- [Task brief] Which lines of the data include the string "with"? List them all.

- [Records provided]
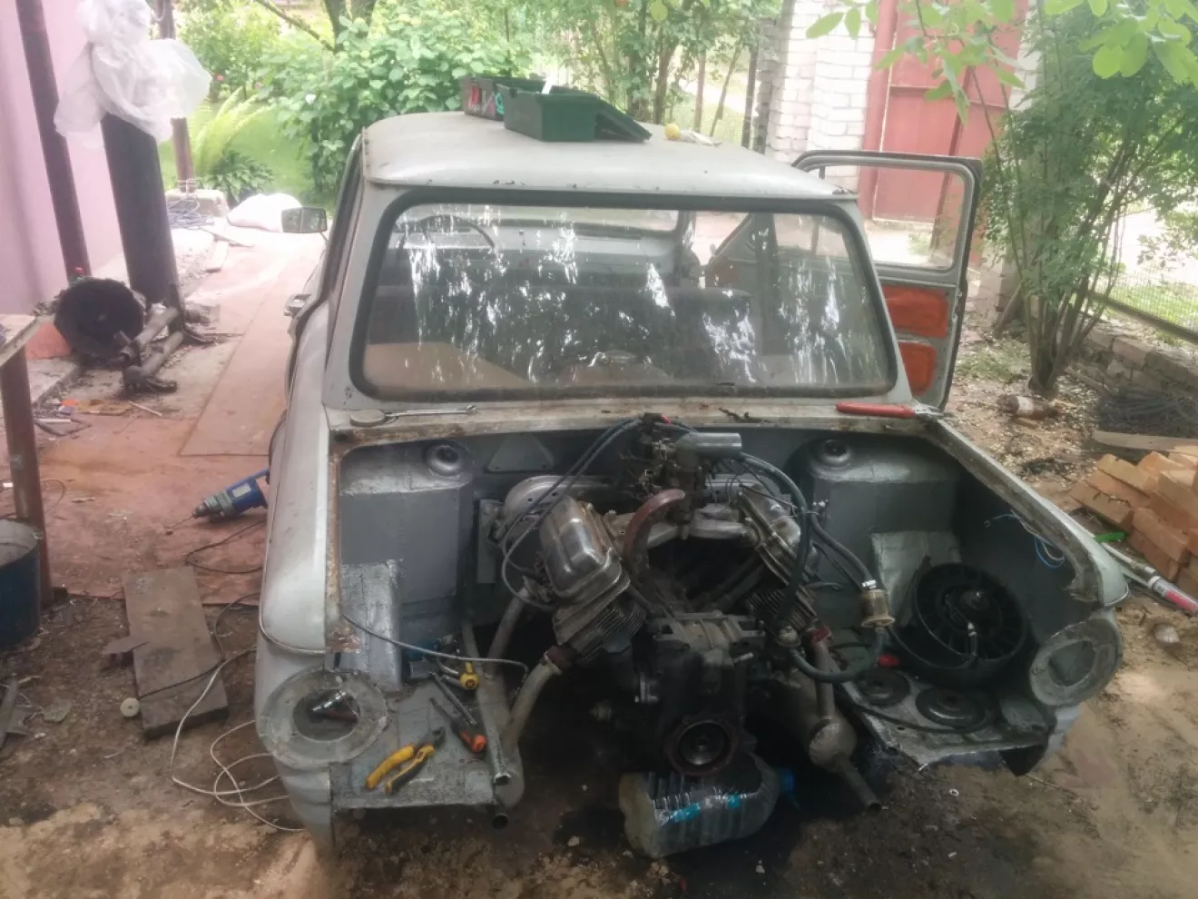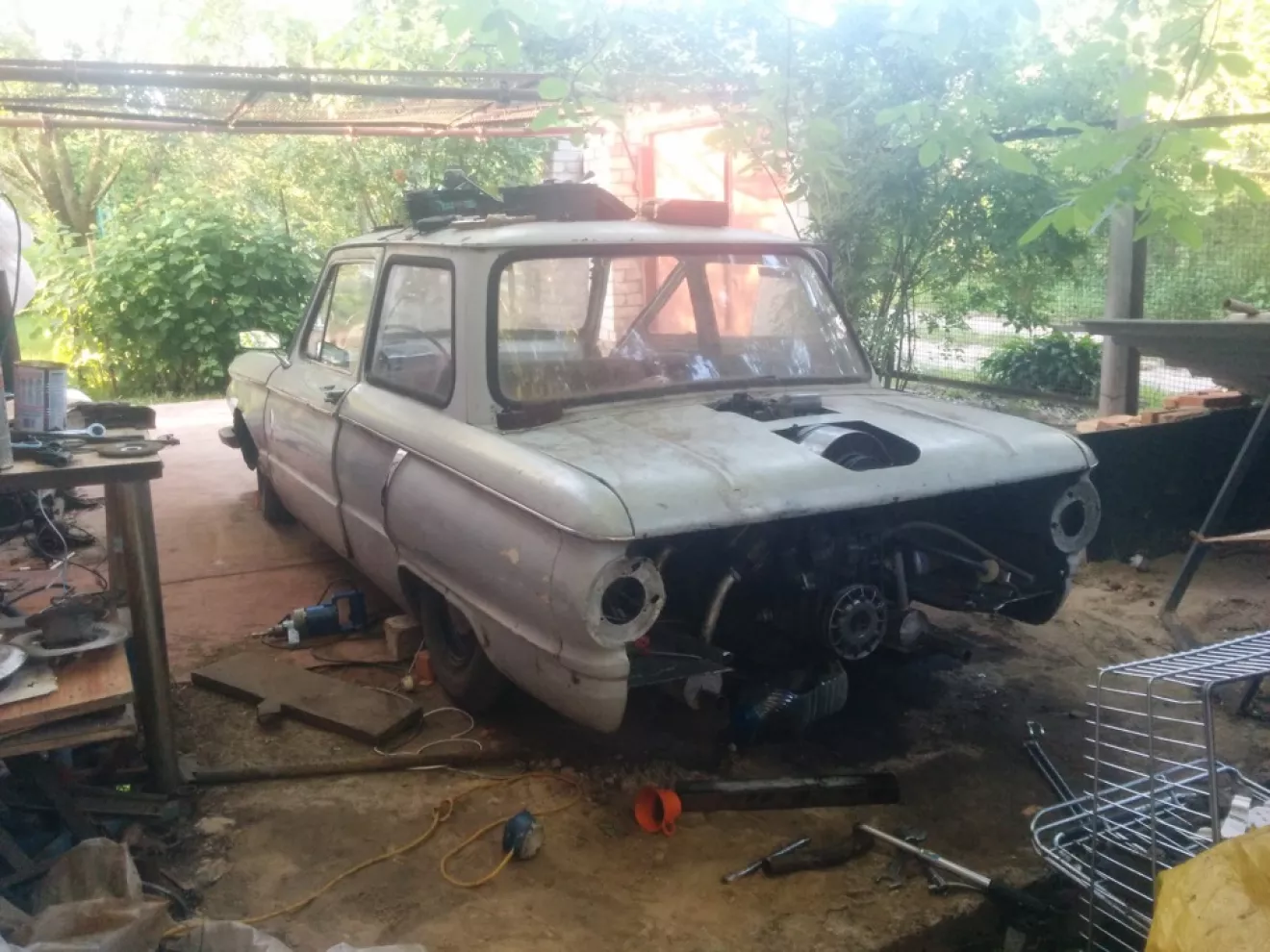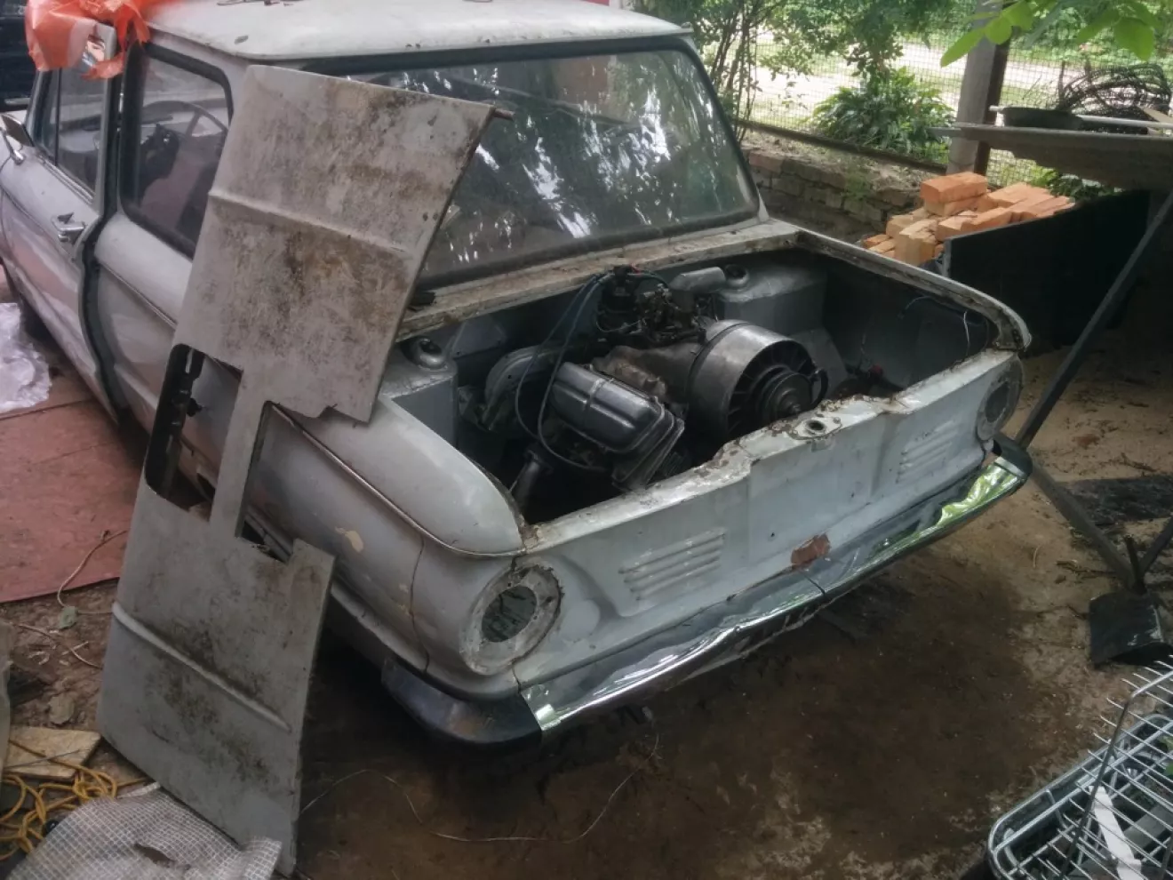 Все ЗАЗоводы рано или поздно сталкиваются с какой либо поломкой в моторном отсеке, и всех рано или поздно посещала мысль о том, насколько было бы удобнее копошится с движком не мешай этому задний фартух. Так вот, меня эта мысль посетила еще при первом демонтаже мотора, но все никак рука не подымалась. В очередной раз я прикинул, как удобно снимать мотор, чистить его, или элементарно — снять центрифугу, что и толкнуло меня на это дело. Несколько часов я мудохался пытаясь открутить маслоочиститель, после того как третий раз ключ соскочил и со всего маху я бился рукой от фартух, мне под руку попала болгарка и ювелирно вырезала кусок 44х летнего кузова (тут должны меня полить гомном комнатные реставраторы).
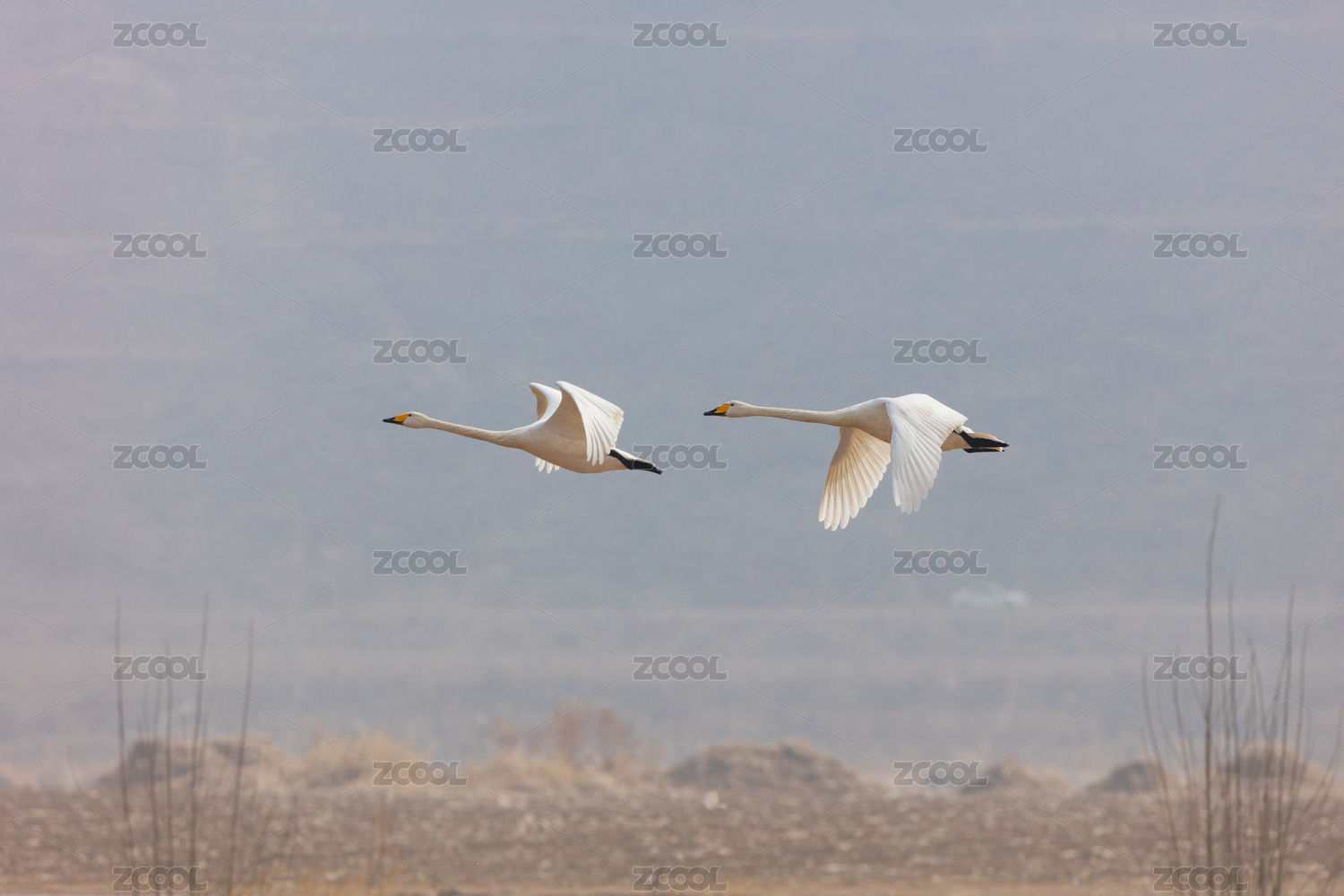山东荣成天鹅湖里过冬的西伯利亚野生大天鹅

---

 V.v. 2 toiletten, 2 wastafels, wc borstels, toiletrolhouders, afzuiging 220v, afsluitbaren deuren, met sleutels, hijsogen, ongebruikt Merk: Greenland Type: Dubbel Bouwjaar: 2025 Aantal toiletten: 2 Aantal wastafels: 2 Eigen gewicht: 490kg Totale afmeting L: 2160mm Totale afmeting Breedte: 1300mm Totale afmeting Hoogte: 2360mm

==

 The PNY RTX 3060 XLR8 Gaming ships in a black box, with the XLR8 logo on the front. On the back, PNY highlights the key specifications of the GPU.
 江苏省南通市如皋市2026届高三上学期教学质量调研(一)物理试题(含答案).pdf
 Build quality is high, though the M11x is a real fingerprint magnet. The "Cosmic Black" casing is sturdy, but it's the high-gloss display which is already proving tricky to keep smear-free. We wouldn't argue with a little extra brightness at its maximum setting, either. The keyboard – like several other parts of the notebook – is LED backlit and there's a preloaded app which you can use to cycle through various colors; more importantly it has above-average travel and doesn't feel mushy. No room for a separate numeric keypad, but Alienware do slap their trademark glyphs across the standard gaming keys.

- [Finished exercise]
 The PNY RTX 3060 XLR8 Gaming ships in a black box, with the XLR8 logo on the front. On the back, PNY highlights the key specifications of the GPU.
 Build quality is high, though the M11x is a real fingerprint magnet. The "Cosmic Black" casing is sturdy, but it's the high-gloss display which is already proving tricky to keep smear-free. We wouldn't argue with a little extra brightness at its maximum setting, either. The keyboard – like several other parts of the notebook – is LED backlit and there's a preloaded app which you can use to cycle through various colors; more importantly it has above-average travel and doesn't feel mushy. No room for a separate numeric keypad, but Alienware do slap their trademark glyphs across the standard gaming keys.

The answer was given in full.